====== INFORMATION SUPPLIED
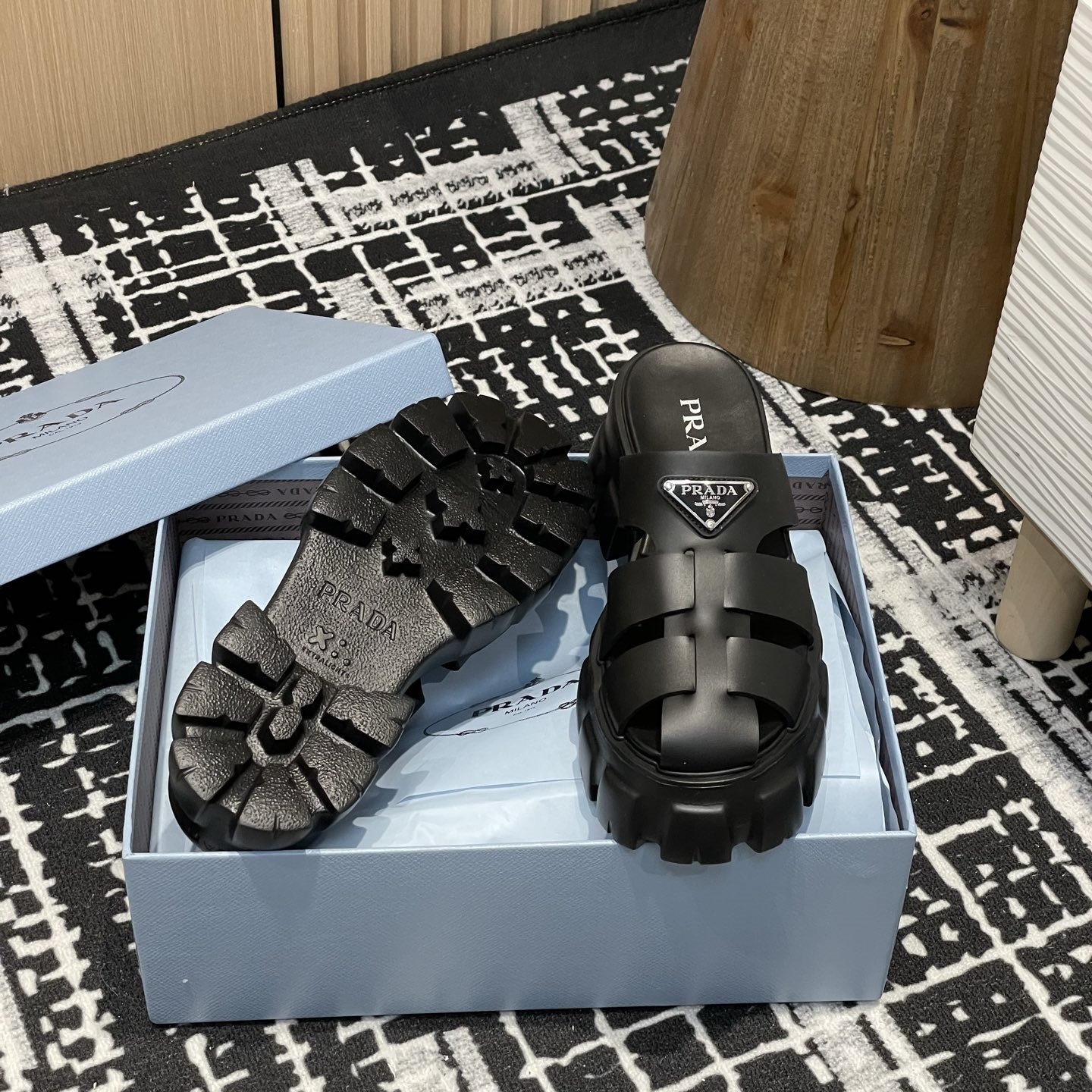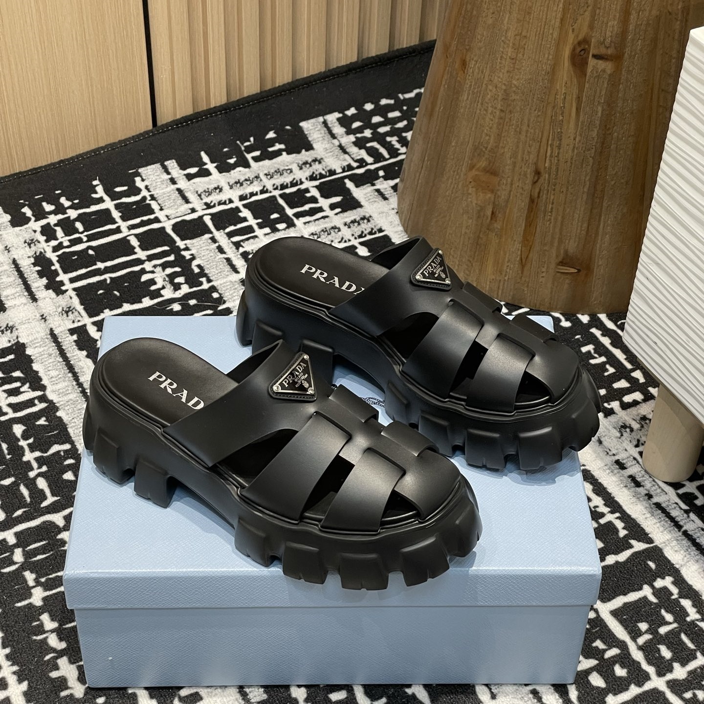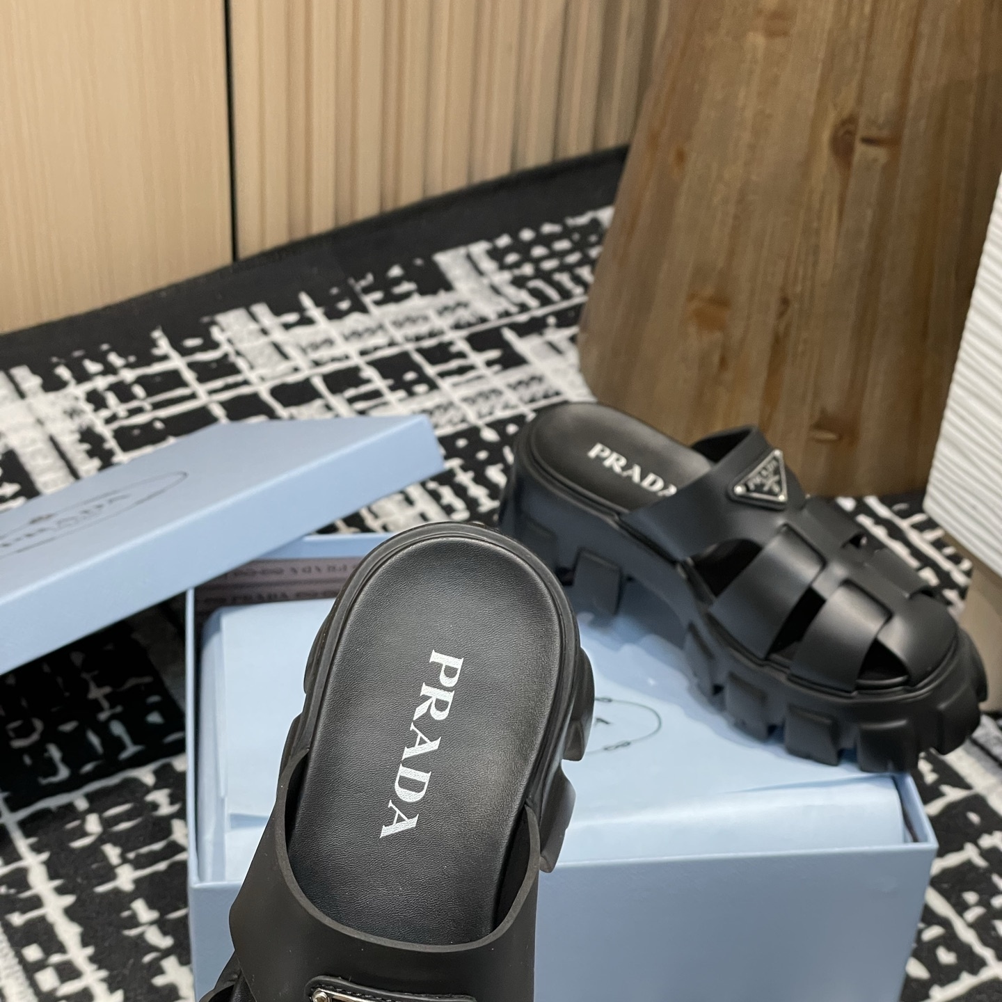 【P020】新品 PRADA サンダル ブラック プラダ
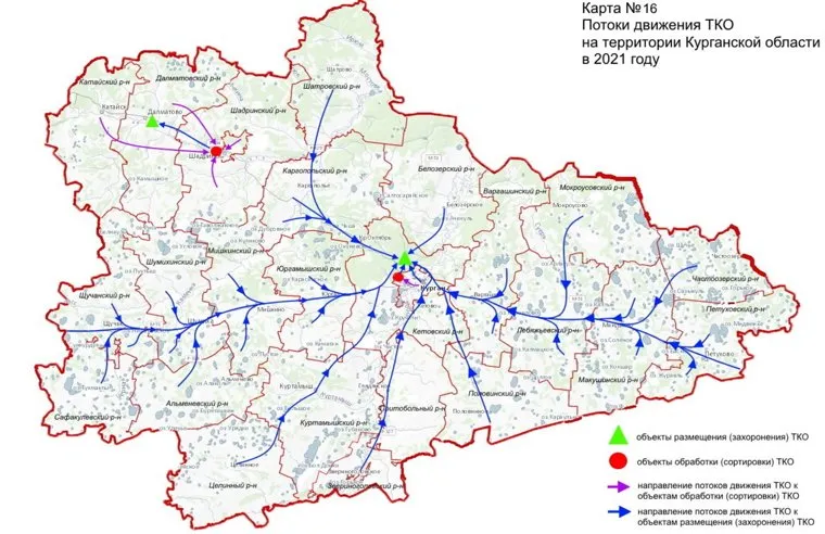 В Курганской области с января 2021 года начнет действовать новая схема размещения отходов. Под Курган на Шуховский полигон мусор повезут со всех районов региона, кроме трех. Схема размещена на сайте департамента природных ресурсов.
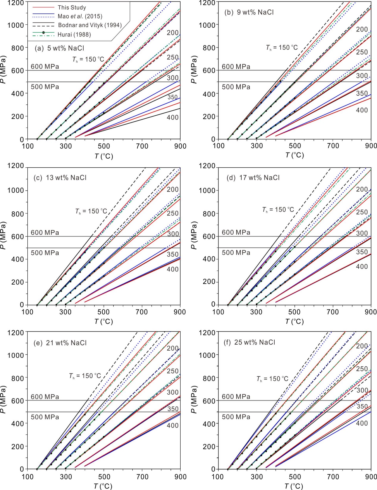 新測定的等容線適用的鹽度范圍為5?25 wt % NaCl, 氣→液均一溫度為100–450 oC, 溫壓條件高達~900 oC、1.2 GPa(圖1)。與前人數據的對比及在超高壓變質帶流體包裹體中的應用表明,所測定的等容線具有高精度、適用溫壓條件廣的優勢。同時,論文提供了一種快速、準確測定LiCl、NaCl、KCl、MgCl2 和CaCl2等鹵水體系及其混合流體的等容線的方法,對地質流體的研究具有重要意義。
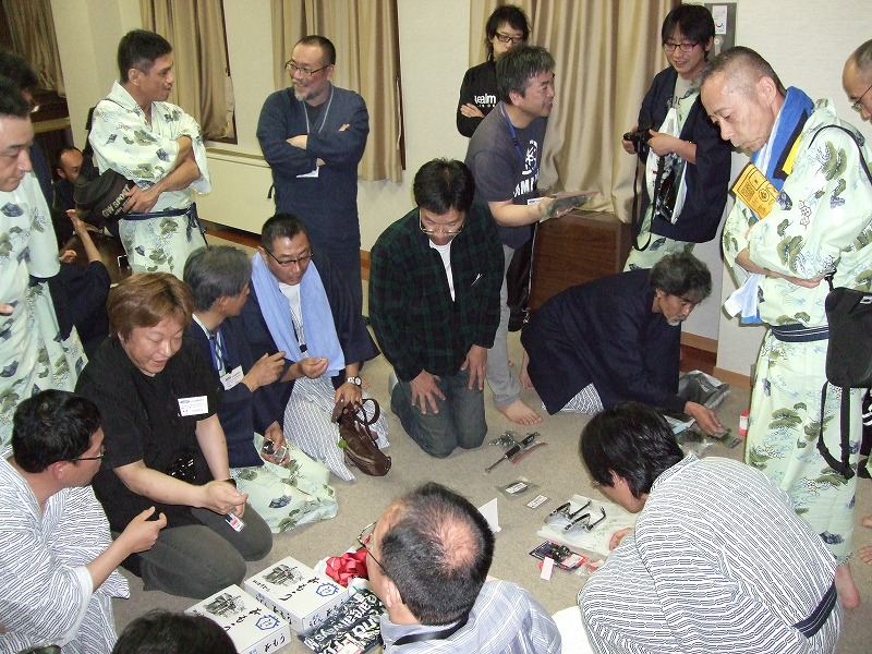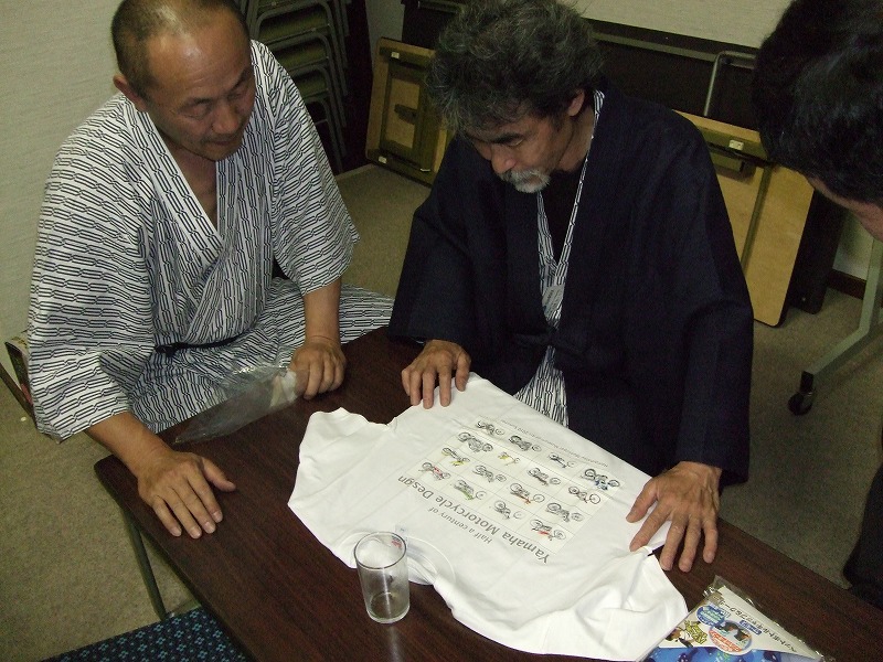 ちーさんと永冶氏が見つめているのは、1J氏が景品に持ってきてくれたヤマハのTシャツ。
============
**TASK STATEMENT:**
Without any pictures, restate word for word only the lines from the one with "В Курганской области" through the end of the listing.

**EXERCISE OUTPUT:**
 В Курганской области с января 2021 года начнет действовать новая схема размещения отходов. Под Курган на Шуховский полигон мусор повезут со всех районов региона, кроме трех. Схема размещена на сайте департамента природных ресурсов.
 新測定的等容線適用的鹽度范圍為5?25 wt % NaCl, 氣→液均一溫度為100–450 oC, 溫壓條件高達~900 oC、1.2 GPa(圖1)。與前人數據的對比及在超高壓變質帶流體包裹體中的應用表明,所測定的等容線具有高精度、適用溫壓條件廣的優勢。同時,論文提供了一種快速、準確測定LiCl、NaCl、KCl、MgCl2 和CaCl2等鹵水體系及其混合流體的等容線的方法,對地質流體的研究具有重要意義。
 ちーさんと永冶氏が見つめているのは、1J氏が景品に持ってきてくれたヤマハのTシャツ。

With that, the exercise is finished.